In [17]:
import numpy as np

In [18]:
class HMM_BIO_method3:
    def __init__(self,filename='corpus/corpus_1.txt'):
        
        self.filename=filename
        # 初始化词典
        self.tag2id, self.id2tag  = {},{} # tag 表示实体标签，如 B-LOC E-LOC 等
        self.word2id, self.id2word = {},{} # word 表示中文字符

        # 根据数据建立词典
        for line in open("corpus/corpus_1.txt",encoding='utf-8'):
            if line == "\n":
                continue
            word, tag = line[0],line[2:-1]

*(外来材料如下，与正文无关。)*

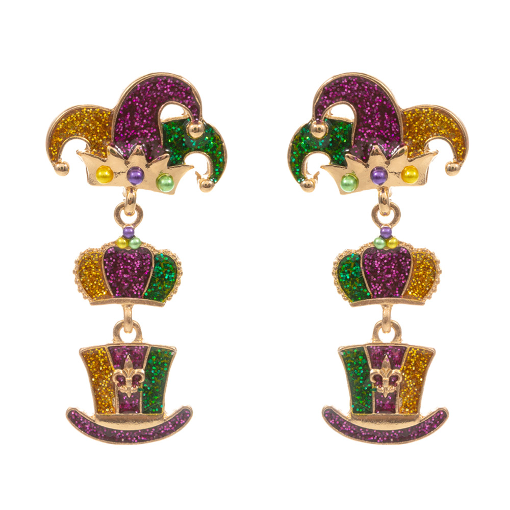Details • Size : 0.9" X 1.8" • Titanium Post Back • Celebrate Mardi Gras with these fun dangle earrings featuring a whimsical jester hat and stacked festive accents. Lightweight and eye-catching, they add a playful touch to party outfits, parade looks, and themed celebrations. Perfect for standout festive style. • Lead and Nickel Compliant • Hypoallergenic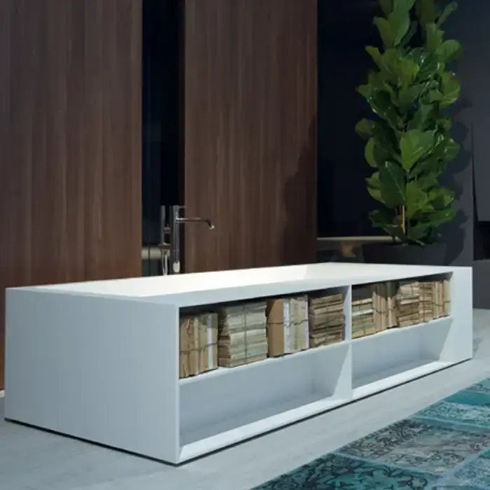 ANTONIO LUPI BIBLIO Ванна отдельностоящая 2000х1000х535 мм., левая, с открытыми нишами, с ножками и нажимным донным клапаном, Corian, цвет белый

            if word not in self.word2id:
                self.word2id[word] = len(self.word2id)
                self.id2word[len(self.id2word)] = word

            if tag not in self.tag2id:
                self.tag2id[tag] = len(self.tag2id)
                self.id2tag[len(self.id2tag)] = tag
        print(self.tag2id)

        # 初始化参数
        self.M = len(self.word2id)
        self.N = len(self.tag2id)

        self.pi = np.zeros(self.N)
        self.A = np.zeros((self.N,self.N))
        self.B = np.zeros((self.N,self.M))

        print(self.M)
        print(self.N)
    
    def train(self):
        # 统计参数
        pre_tag = ""
        for line in open(self.filename,encoding='utf-8'):
            if line == "\n": # 遇到空行跳过本次统计
                pre_tag = "" # 同时将 pre_tag 设为空
                continue

            items = [line[0],line[2:-1]]
            wordId, tagId = self.word2id[items[0]], self.tag2id[items[1].rstrip()]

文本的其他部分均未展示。